**What you are asked to do**
From the records below, output exactly the lines starting at the line with "Melker Karlsson is" and ending at the line with "Sommerhuset har 3", both of them included, but no pictures.

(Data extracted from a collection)
+ + + + + + +

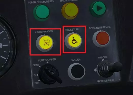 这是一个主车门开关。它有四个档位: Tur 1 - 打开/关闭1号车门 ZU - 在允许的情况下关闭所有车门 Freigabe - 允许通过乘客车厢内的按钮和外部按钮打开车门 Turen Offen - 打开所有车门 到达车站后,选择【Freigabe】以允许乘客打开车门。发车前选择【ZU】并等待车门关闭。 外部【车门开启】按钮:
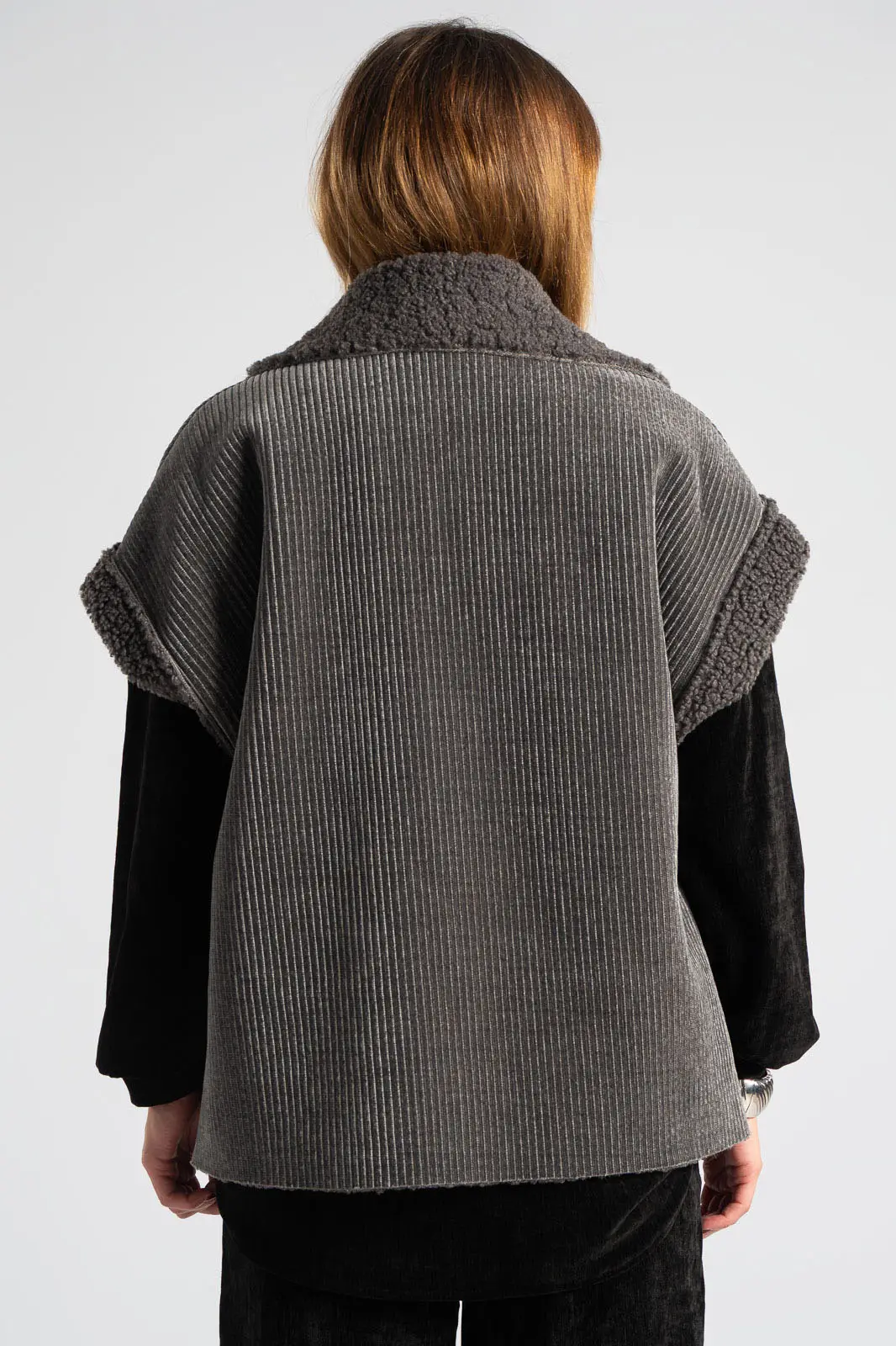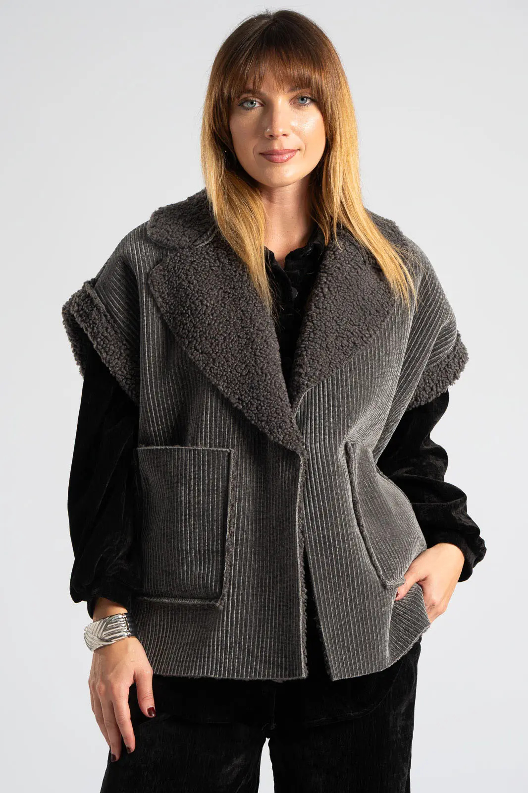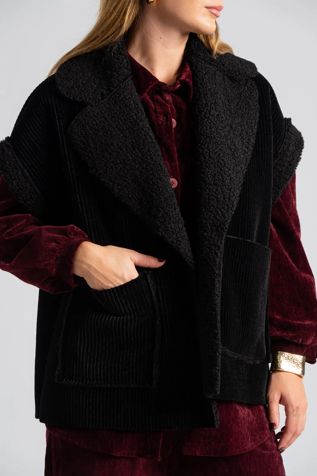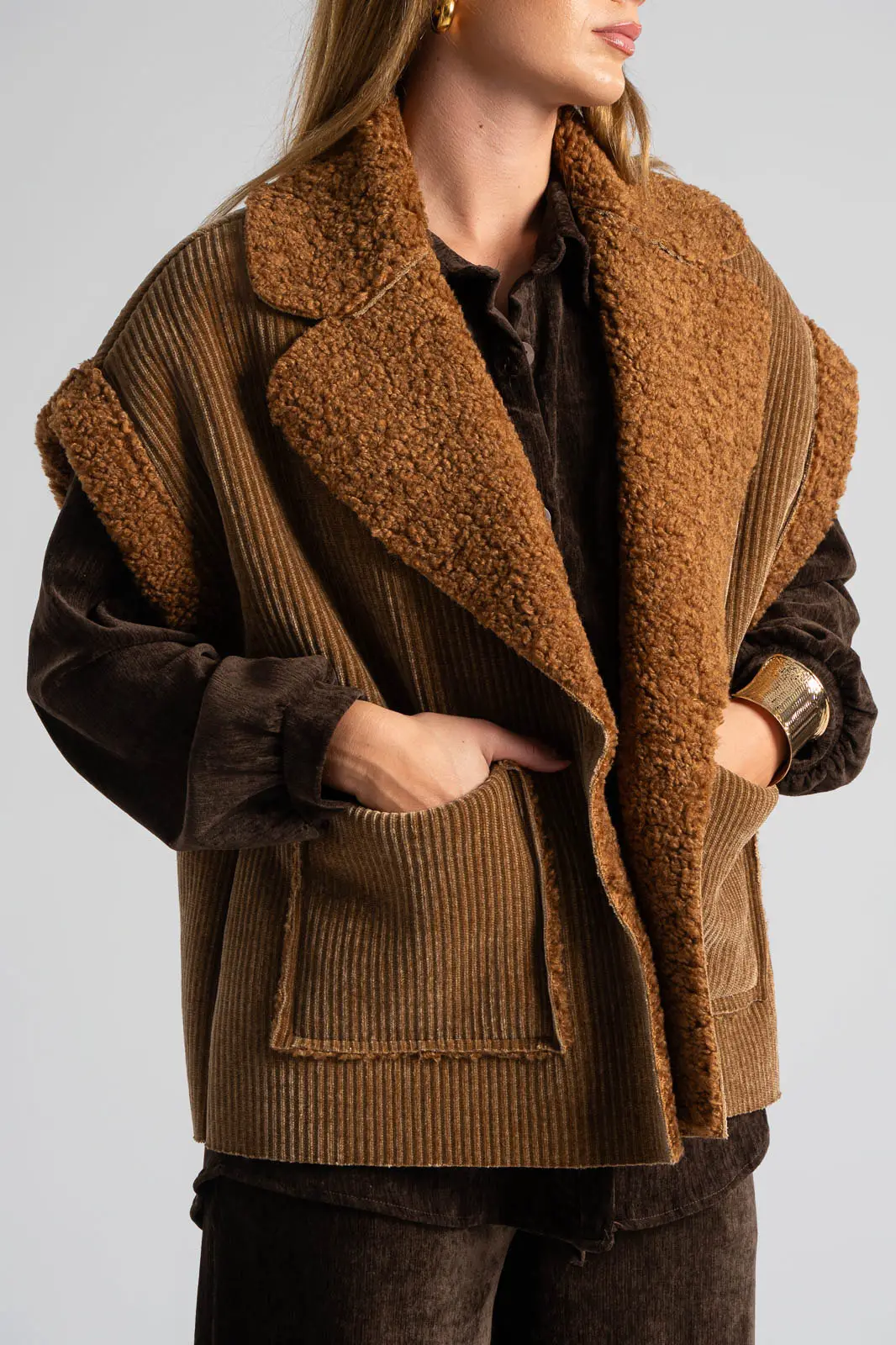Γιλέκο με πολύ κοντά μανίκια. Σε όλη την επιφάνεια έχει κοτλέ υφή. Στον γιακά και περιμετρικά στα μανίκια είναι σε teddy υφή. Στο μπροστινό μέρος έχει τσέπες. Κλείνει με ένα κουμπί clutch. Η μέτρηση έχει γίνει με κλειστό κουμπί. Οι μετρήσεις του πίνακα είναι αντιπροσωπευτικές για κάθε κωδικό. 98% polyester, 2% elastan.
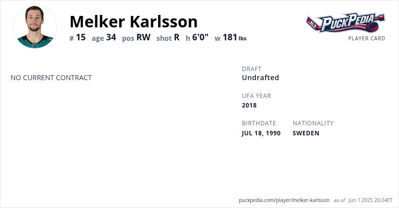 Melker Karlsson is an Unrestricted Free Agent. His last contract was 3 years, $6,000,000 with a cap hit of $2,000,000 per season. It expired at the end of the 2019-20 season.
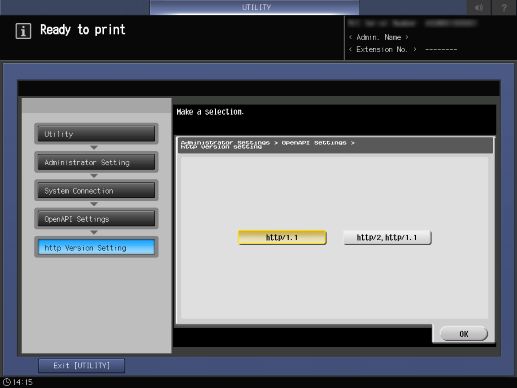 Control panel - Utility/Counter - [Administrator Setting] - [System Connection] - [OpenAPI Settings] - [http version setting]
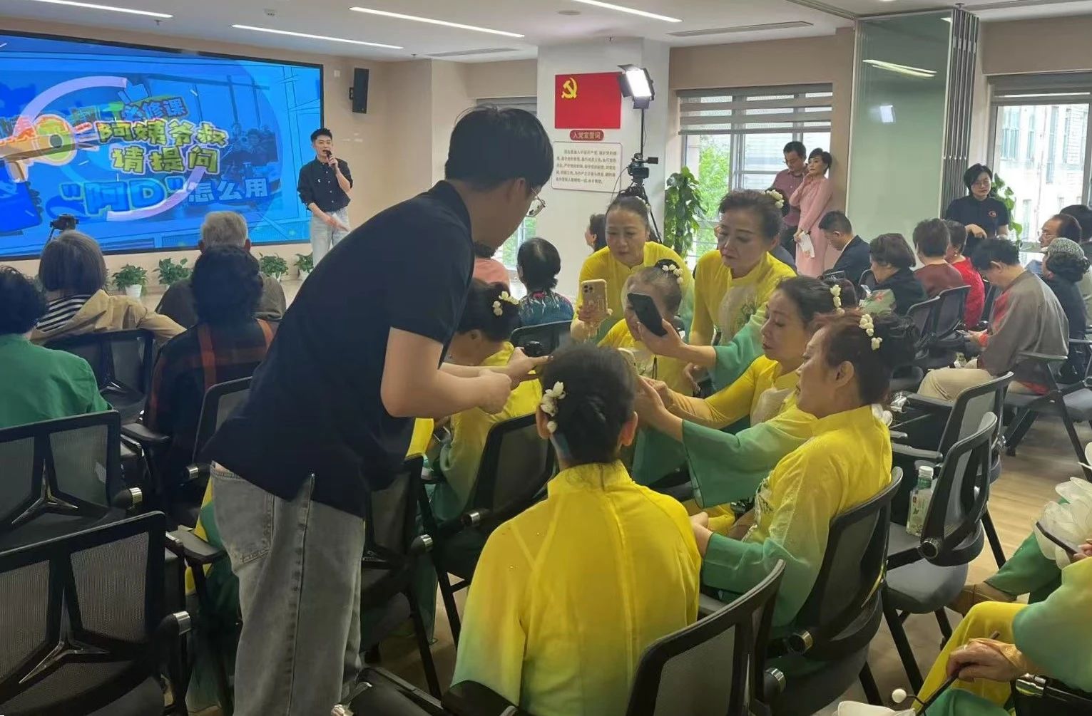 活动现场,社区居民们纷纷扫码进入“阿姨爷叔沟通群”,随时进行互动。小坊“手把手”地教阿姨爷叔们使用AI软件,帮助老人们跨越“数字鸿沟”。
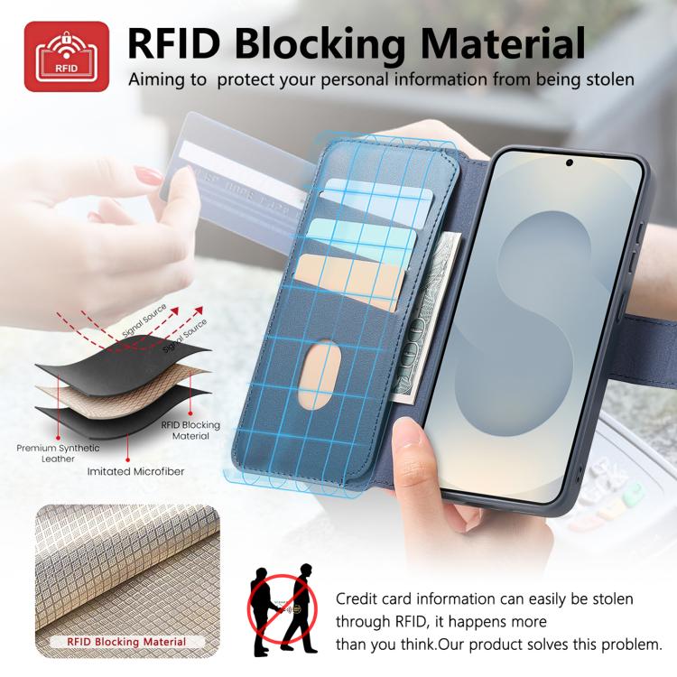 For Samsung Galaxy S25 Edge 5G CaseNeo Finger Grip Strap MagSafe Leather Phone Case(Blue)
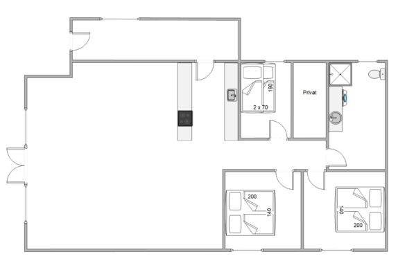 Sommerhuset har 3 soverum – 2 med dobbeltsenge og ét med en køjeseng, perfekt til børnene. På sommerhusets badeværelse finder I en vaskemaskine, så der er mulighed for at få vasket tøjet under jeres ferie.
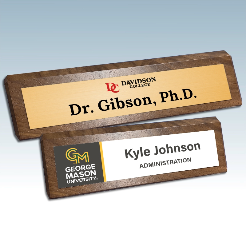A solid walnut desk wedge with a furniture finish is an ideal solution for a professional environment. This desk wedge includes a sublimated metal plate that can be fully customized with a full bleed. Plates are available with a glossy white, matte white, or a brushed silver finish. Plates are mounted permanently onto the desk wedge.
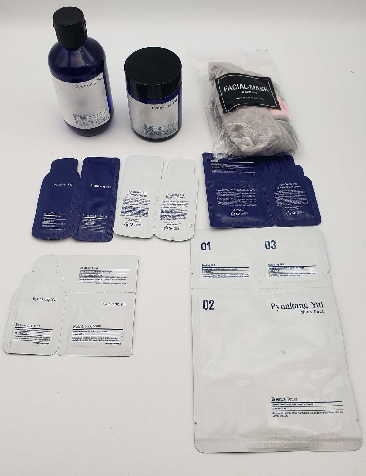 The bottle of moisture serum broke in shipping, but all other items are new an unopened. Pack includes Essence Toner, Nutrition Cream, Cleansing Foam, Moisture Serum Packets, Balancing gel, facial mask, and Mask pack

+ + + + + + +

**Response box**
 Melker Karlsson is an Unrestricted Free Agent. His last contract was 3 years, $6,000,000 with a cap hit of $2,000,000 per season. It expired at the end of the 2019-20 season.
 Control panel - Utility/Counter - [Administrator Setting] - [System Connection] - [OpenAPI Settings] - [http version setting]
 活动现场,社区居民们纷纷扫码进入“阿姨爷叔沟通群”,随时进行互动。小坊“手把手”地教阿姨爷叔们使用AI软件,帮助老人们跨越“数字鸿沟”。
 For Samsung Galaxy S25 Edge 5G CaseNeo Finger Grip Strap MagSafe Leather Phone Case(Blue)
 Sommerhuset har 3 soverum – 2 med dobbeltsenge og ét med en køjeseng, perfekt til børnene. På sommerhusets badeværelse finder I en vaskemaskine, så der er mulighed for at få vasket tøjet under jeres ferie.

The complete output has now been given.